[[ Collected data, beginning ]]

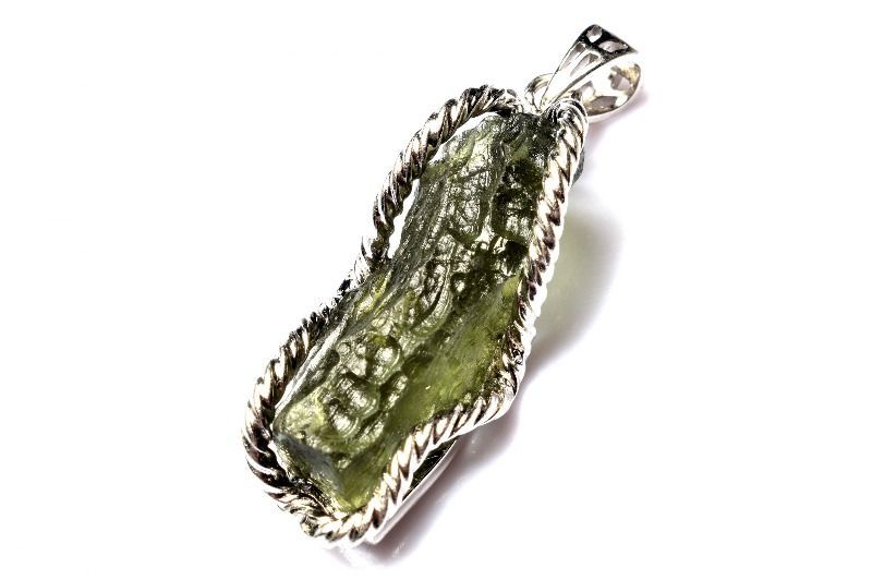 1点物 AA シルバー925 モルダバイト 26 x 9 mm 原石 ペンダントトップ パワーストーン 天然石 _PC 6487
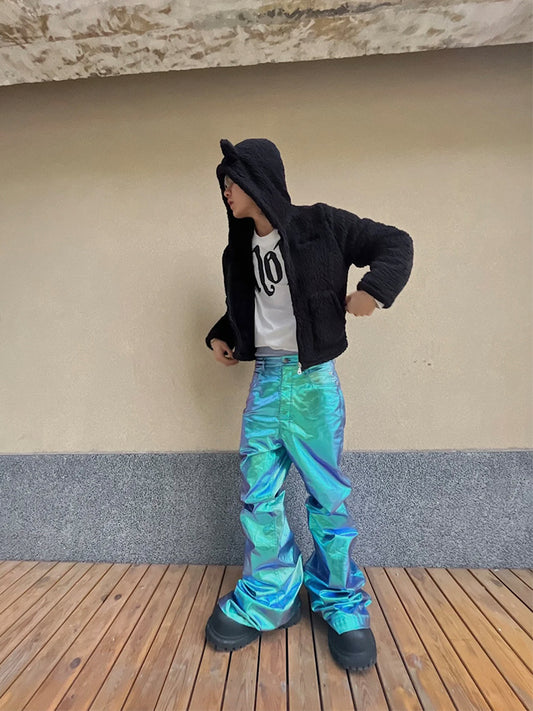 Rickowen Acbt Coated Glossy Black Patent Jeans - Wide-Leg Flared Trousers
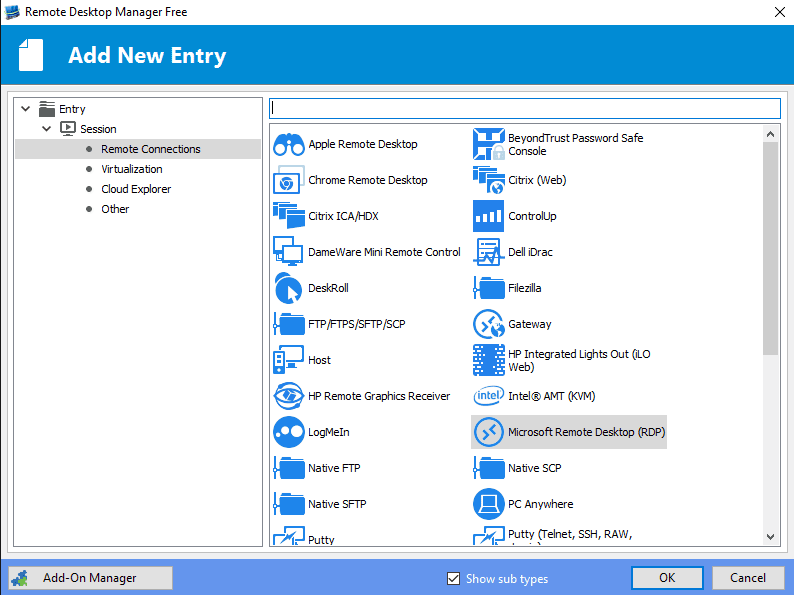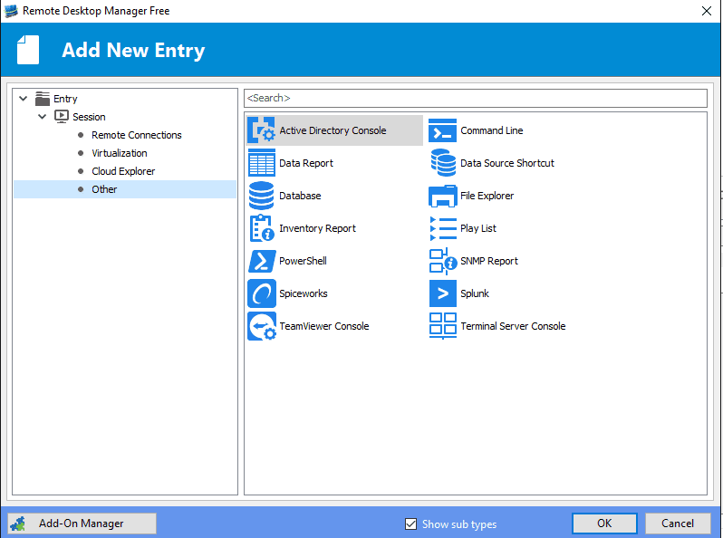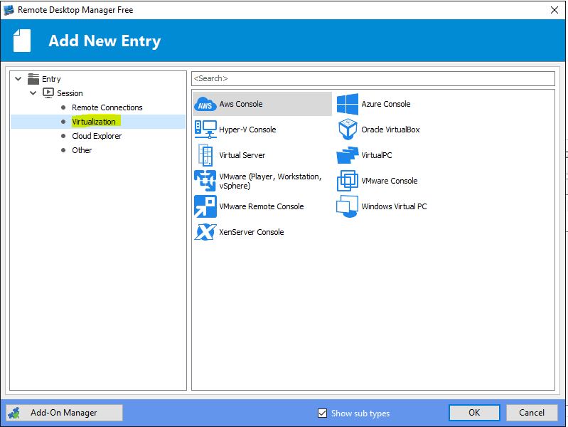 As you can see below, I just clipped the “Add New Entry” screen and the connection varieties here are just staggering – Remote Connections, Virtualization, Cloud Explorer, and other. ย There is even anย Add-On Manager which has a ton of additional add-ons that can be installed. ย You could literally replace everything you use with this console.
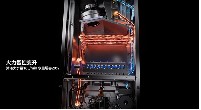 其次,很多壁挂炉的问题不是没有热水,而是在关键场景下不够用。无论是浴缸放水、厨房和卫浴同时用水,还是双卫连续洗澡,尊享Ⅱ都试图用24kW做到16L/min大水量,并通过火力智控变升技术实现20%的水量提升,去覆盖更复杂的家庭用水场景。

[[ Collected data, end ]]

Problem to solve: Find the line with "Rickowen Acbt Coated" in the listing above, then write it out along with every later line through the last one, exactly, omitting pictures.

Written answer:
 Rickowen Acbt Coated Glossy Black Patent Jeans - Wide-Leg Flared Trousers
 As you can see below, I just clipped the “Add New Entry” screen and the connection varieties here are just staggering – Remote Connections, Virtualization, Cloud Explorer, and other. ย There is even anย Add-On Manager which has a ton of additional add-ons that can be installed. ย You could literally replace everything you use with this console.
 其次,很多壁挂炉的问题不是没有热水,而是在关键场景下不够用。无论是浴缸放水、厨房和卫浴同时用水,还是双卫连续洗澡,尊享Ⅱ都试图用24kW做到16L/min大水量,并通过火力智控变升技术实现20%的水量提升,去覆盖更复杂的家庭用水场景。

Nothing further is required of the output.